** Your objective **
Copy out exactly the stretch of the listing below that begins at the line containing "- 【Space Saving】- These" and ends at the line containing "ABA线上会议不仅为烧伤领域", and copy nothing outside it.
....
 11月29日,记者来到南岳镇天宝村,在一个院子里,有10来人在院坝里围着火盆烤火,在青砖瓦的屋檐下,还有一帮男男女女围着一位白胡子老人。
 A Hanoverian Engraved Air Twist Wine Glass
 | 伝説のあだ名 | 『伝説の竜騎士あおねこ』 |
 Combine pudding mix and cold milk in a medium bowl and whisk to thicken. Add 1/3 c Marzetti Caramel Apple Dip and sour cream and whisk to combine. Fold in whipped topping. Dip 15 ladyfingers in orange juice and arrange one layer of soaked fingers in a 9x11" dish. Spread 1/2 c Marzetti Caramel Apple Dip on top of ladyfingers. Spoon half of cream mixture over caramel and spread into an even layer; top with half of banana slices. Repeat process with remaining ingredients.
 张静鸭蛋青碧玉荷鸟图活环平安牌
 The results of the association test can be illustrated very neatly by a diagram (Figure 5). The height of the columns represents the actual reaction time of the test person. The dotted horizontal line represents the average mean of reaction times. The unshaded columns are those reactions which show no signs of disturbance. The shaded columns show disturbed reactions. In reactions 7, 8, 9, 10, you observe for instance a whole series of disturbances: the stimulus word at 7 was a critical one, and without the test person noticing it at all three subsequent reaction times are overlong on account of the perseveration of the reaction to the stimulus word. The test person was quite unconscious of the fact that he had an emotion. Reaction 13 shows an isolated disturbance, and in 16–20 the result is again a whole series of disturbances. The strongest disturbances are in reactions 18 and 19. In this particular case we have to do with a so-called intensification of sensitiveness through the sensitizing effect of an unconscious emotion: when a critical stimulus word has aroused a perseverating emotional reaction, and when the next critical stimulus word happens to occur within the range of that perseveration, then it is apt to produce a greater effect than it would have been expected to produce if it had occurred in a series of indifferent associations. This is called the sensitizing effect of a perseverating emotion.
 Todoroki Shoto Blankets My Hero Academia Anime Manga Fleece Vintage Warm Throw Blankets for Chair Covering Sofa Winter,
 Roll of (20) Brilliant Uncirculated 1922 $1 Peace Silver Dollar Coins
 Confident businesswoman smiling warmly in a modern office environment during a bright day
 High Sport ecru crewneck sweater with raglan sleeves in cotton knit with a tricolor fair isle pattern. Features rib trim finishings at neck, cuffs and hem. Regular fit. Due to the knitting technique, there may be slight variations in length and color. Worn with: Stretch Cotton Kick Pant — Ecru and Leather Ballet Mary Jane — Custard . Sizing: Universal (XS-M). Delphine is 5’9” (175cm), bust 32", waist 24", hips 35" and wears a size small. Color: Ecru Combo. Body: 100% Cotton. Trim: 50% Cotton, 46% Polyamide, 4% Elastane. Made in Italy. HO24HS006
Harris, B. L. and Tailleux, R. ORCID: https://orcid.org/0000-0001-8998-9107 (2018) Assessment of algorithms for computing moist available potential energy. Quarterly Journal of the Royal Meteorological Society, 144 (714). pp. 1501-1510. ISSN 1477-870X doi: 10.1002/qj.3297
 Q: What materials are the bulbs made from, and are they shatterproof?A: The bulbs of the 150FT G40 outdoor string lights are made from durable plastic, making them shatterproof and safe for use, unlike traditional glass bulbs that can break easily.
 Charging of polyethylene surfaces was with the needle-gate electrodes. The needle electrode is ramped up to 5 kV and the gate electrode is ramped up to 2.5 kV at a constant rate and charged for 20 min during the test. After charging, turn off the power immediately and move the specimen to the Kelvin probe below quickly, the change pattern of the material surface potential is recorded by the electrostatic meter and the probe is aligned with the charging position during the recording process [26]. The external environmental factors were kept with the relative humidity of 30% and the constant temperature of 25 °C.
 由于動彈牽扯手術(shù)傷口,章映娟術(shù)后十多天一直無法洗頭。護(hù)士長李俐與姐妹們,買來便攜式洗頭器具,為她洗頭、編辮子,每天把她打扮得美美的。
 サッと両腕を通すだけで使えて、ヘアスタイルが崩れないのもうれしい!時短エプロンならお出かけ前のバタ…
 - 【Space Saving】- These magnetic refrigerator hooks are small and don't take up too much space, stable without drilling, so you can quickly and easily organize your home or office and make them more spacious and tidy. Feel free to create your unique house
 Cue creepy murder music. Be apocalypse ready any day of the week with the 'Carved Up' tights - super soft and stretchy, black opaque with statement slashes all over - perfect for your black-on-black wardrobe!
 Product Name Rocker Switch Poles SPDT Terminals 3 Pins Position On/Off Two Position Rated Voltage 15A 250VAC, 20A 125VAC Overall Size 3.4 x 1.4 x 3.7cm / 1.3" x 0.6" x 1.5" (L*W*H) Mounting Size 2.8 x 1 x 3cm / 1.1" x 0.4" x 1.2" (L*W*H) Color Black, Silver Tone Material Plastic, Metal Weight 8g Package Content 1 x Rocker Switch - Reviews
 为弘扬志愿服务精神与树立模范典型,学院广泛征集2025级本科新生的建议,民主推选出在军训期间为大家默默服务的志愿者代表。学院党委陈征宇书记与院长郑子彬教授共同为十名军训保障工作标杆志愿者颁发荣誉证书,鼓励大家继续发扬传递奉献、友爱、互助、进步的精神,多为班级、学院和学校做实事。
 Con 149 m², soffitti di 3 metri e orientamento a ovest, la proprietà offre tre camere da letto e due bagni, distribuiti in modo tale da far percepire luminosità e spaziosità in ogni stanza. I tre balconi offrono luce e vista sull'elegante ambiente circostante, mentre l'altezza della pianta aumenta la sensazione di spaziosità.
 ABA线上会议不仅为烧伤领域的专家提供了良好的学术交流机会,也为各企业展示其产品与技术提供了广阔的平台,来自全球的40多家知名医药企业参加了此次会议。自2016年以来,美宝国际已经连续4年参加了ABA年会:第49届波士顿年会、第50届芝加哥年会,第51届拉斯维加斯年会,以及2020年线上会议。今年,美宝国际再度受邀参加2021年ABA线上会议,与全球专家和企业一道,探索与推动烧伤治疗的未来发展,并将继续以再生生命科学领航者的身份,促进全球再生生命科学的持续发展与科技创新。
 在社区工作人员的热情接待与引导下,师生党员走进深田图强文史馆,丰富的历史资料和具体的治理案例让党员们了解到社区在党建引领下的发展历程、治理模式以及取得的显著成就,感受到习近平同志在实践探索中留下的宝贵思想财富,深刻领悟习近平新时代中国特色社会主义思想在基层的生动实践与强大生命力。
....
** Written response **
 - 【Space Saving】- These magnetic refrigerator hooks are small and don't take up too much space, stable without drilling, so you can quickly and easily organize your home or office and make them more spacious and tidy. Feel free to create your unique house
 Cue creepy murder music. Be apocalypse ready any day of the week with the 'Carved Up' tights - super soft and stretchy, black opaque with statement slashes all over - perfect for your black-on-black wardrobe!
 Product Name Rocker Switch Poles SPDT Terminals 3 Pins Position On/Off Two Position Rated Voltage 15A 250VAC, 20A 125VAC Overall Size 3.4 x 1.4 x 3.7cm / 1.3" x 0.6" x 1.5" (L*W*H) Mounting Size 2.8 x 1 x 3cm / 1.1" x 0.4" x 1.2" (L*W*H) Color Black, Silver Tone Material Plastic, Metal Weight 8g Package Content 1 x Rocker Switch - Reviews
 为弘扬志愿服务精神与树立模范典型,学院广泛征集2025级本科新生的建议,民主推选出在军训期间为大家默默服务的志愿者代表。学院党委陈征宇书记与院长郑子彬教授共同为十名军训保障工作标杆志愿者颁发荣誉证书,鼓励大家继续发扬传递奉献、友爱、互助、进步的精神,多为班级、学院和学校做实事。
 Con 149 m², soffitti di 3 metri e orientamento a ovest, la proprietà offre tre camere da letto e due bagni, distribuiti in modo tale da far percepire luminosità e spaziosità in ogni stanza. I tre balconi offrono luce e vista sull'elegante ambiente circostante, mentre l'altezza della pianta aumenta la sensazione di spaziosità.
 ABA线上会议不仅为烧伤领域的专家提供了良好的学术交流机会,也为各企业展示其产品与技术提供了广阔的平台,来自全球的40多家知名医药企业参加了此次会议。自2016年以来,美宝国际已经连续4年参加了ABA年会:第49届波士顿年会、第50届芝加哥年会,第51届拉斯维加斯年会,以及2020年线上会议。今年,美宝国际再度受邀参加2021年ABA线上会议,与全球专家和企业一道,探索与推动烧伤治疗的未来发展,并将继续以再生生命科学领航者的身份,促进全球再生生命科学的持续发展与科技创新。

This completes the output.